Auch für den einzelnen Bürger ist rechtlich nicht richtig eindeutig, wie er gegen eine mögliche Überwachung durch die NSA vorgehen könnte. Wenn feststeht, dass jeder Bürger betroffen sein kann, aber nicht darüber informiert wurde, lässt das Bundesverfassungsgericht die Verfassungsbeschwerde zu. "Allerdings gibt es kein Gesetz, gegen das sich Beschwerden richten könnten", sagt Verfassungsrechtler Pernice. "Möglicherweise fehlt es an einem angreifbaren Akt der deutschen öffentlichen Gewalt." Und nur dagegen sind Verfassungsbeschwerden zulässig.

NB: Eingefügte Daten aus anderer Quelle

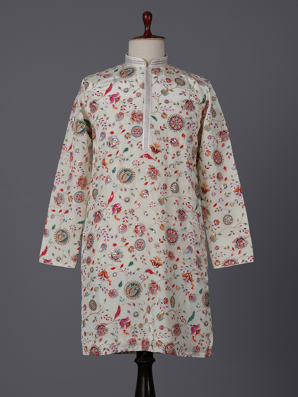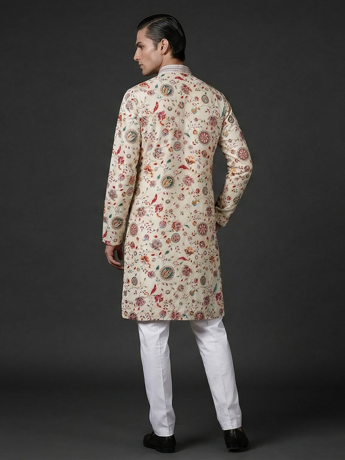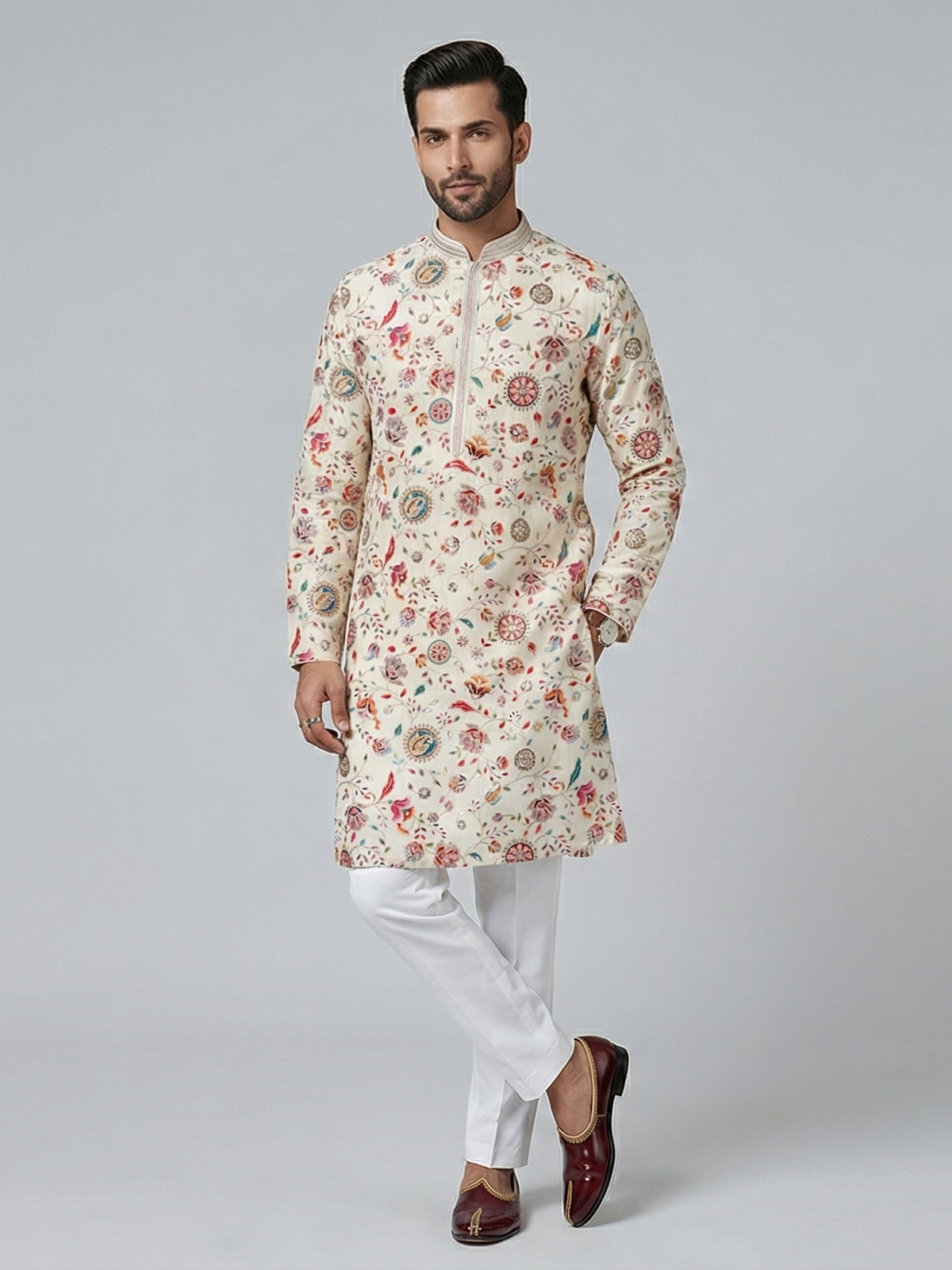 Elegant cream silk kurta set adorned with floral prints and resham sequins detailing. The mandarin collar adds sophistication, while the pant completes the polished look. Ideal for weddings and festive occasions.

Bürger haben kaum Chancen, sich zu wehren

Dass eine Verfassungsbeschwerde gegen die NSA oder die USA möglich wäre, hält Pernice deshalb für schwer vorstellbar. Dagegen hält er eine Verfassungsbeschwerde gegen völkerrechtliche Verträge für möglich, die die Zusammenarbeit der Geheimdienste erlauben. Diese könne man zum Gegenstand einer Verfassungsbeschwerde machen. Ob es allerdings gelingt, eine Unterlassung auf Seiten der NSA durchzusetzen, ist nach Angaben von Pernice fraglich.

Dass ein Bürger erfolgreich gegen die Bundesrepublik klagen könnte, falls ihr eine Überwachung durch die NSA bekannt war, ist unwahrscheinlich.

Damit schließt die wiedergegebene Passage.